Why the semantics? Because too often we fail to recognize that hope isn’t some ethereal wisp we attempt to grasp, rather it is embedded in the raw energy of our work-a-day lives. Recently, America Media published an article by Jason Blakely reflecting on his journey from atheism to being a person of faith where he states, “We are storytelling animals already living inside our stories—not stories that we command autonomously, but that we already find in midpoint in our families, cities, societies and worlds…[T]he actual human situation up to the present day is that meanings and stories cannot be eliminated from the world. Human existence does not seem to permit the subtraction or elimination of stories and meanings.”
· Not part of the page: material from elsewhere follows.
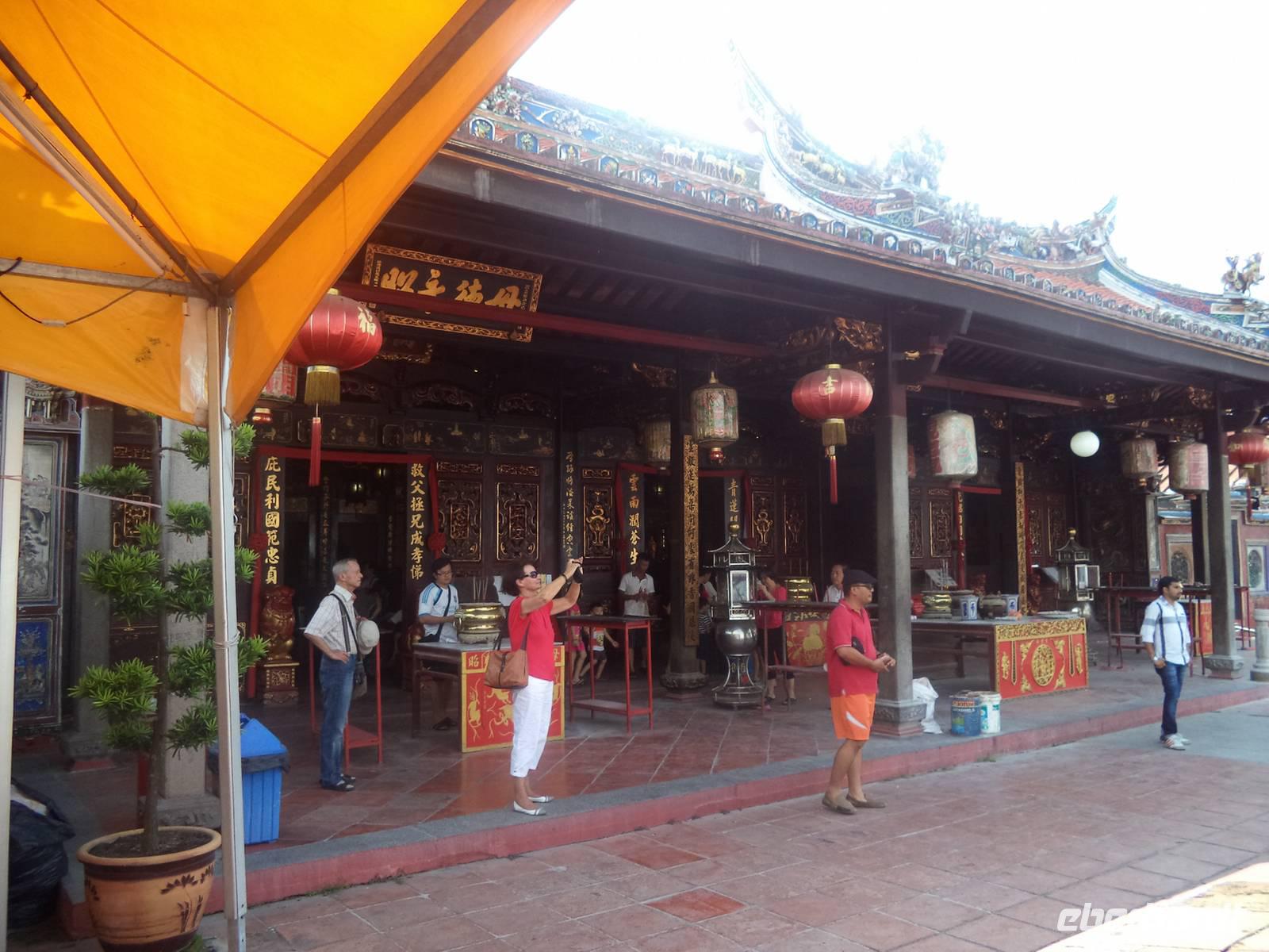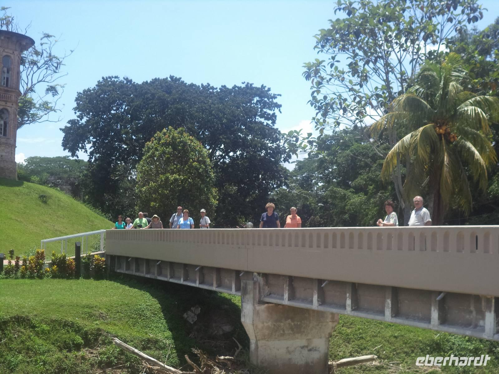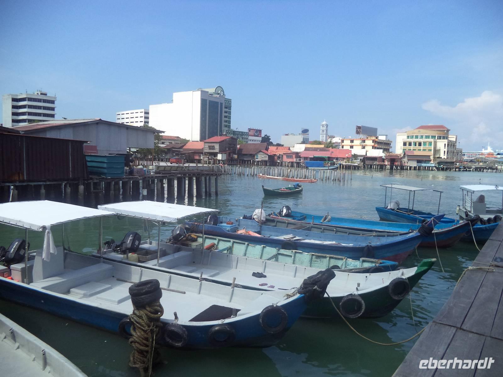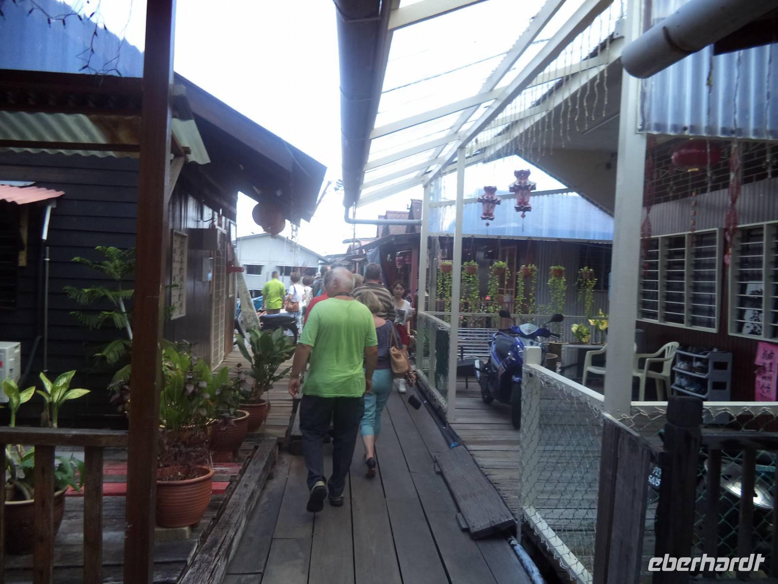 Später fuhren wir über die kilometerlange Autobrücke auf die Ferieninsel Penang, einst eine der drei bedeutenden „Strait Settlements" der britischen Kolonialzeit. Zunächst checkten wir hier ein ins Bayview Hotel, eines der größten in der Inselhauptstadt Georgetown, die wiederum zu den bedeutendsten touristischen Zentren Malaysias zählt. Am Nachmittag erwarteten uns Fahrrad-Rikschahs zu einer Rundfahrt, bei der wir die Stadt als ungewöhnliche Mischung kolonialer Vergangenheit, chinesischer und indischer Tradition sowie malaiischer Gegenwart erleben konnten. Mehrere Stopps zeigten uns die Brennpunkte der Geschichte sowie die touristischen Highlights der Stadt und der Insel: da war zunächst das flache alte holländische Artilleriefort Cornwallis, dessen Kanonen sich bis heute über die angeschrägten Mauern durch die Schießscharten der sternförmigen Kastell-Anlage recken und einst den Hafen beherrschten. Vom Fort führte uns der Weg zur „Chew Jetty", einer traditionellen Anlegestelle der chinesischen Fischer und Schiffsleichter in Form einer bebauten Landungsbrücke. Jeder bedeutende chinesische Familienclan hatte einst solch ein „Logistikzentrum", wie man es heute nennen würde, angelegt, um hier mit dem Aufstreben des Hafens mitzugehen und Arbeitsplätze als Transportarbeiter für die Familienangehörigen zu schaffen. Die Anleger für Entlade-Boote und Küstentransporter, von Häusern auf Pfählen umstanden und als Knüppeldämme und Bretterstraßen immer weiter auf See hinaus verlängert, sind bis heute als überaus malerisches Gewirr an Stegen und kleinen Landestellen erhalten. Immer noch prägen Boote, Transportarbeiter und dazwischen spielende Kinder und mit Essensbereitung oder Flickarbeiten beschäftigte Frauen das Bild zwischen den weiterhin bewohnten Häusern, die inzwischen als Gesamtanlage zum UNESCO-Erbe gehören.

Rightly oriented hope, then, is our search for meaning within our unfolding stories. Our role in this search is to openly receive the events of our lives with dignity and gratitude, giving hope the opportunity to take hold. Though I have often previously referenced the Ignatian Daily Examen as a valuable tool for reflection, until Molly’s comment that triggered my memory regarding Fr. Nieman, I don’t think I fully grasped how gratitude is really supposed to work in this context. The Examan provides us an opportunity to consider the entirety of our day with gratitude, not just the moments that went our way. This helps us more fully understand our deepest, most cherished desires and to refocus our hopes accordingly.
In this way, hope is like the flame of a candle, providing light and warmth. I like this imagery because the strength of a candle’s flame is dependent on so many external factors (wind, moisture, oxygen…) that it can be hard at times to keep the candle lit. Life gets hard, and for some of us, it stays that way for so long that one’s flame can get snuffed out. One of my greatest fascinations with candles though is how a smoldering candle can be relit from the presence of a separate fire source. This only happens because there are lingering wax vapors present in the smoke from the smoldering candle that serve as enough of an accelerant to enable a nearby flame to travel back down the smoke and find purchase. The key then, even in our moments of great despair, is to keep the candle smoldering. Somehow, some way, be grateful.
While this does require surrendering, it doesn’t mean giving up! If anything, gratitude requires our greatest levels of resolve, but because we are targeting our energies so acutely, the burden feels a bit lighter. So the next time this Holiday Season you hear an ad telling you how grateful you should feel and it makes you want to scream instead, take a deep breath and get back to living. It's there that your hope is present.
For me, I think I’m going to add the Serenity Prayer to my daily Examen routine…God grant me the serenity to accept the things I cannot change, the courage to change the things I can, and the wisdom to know the difference.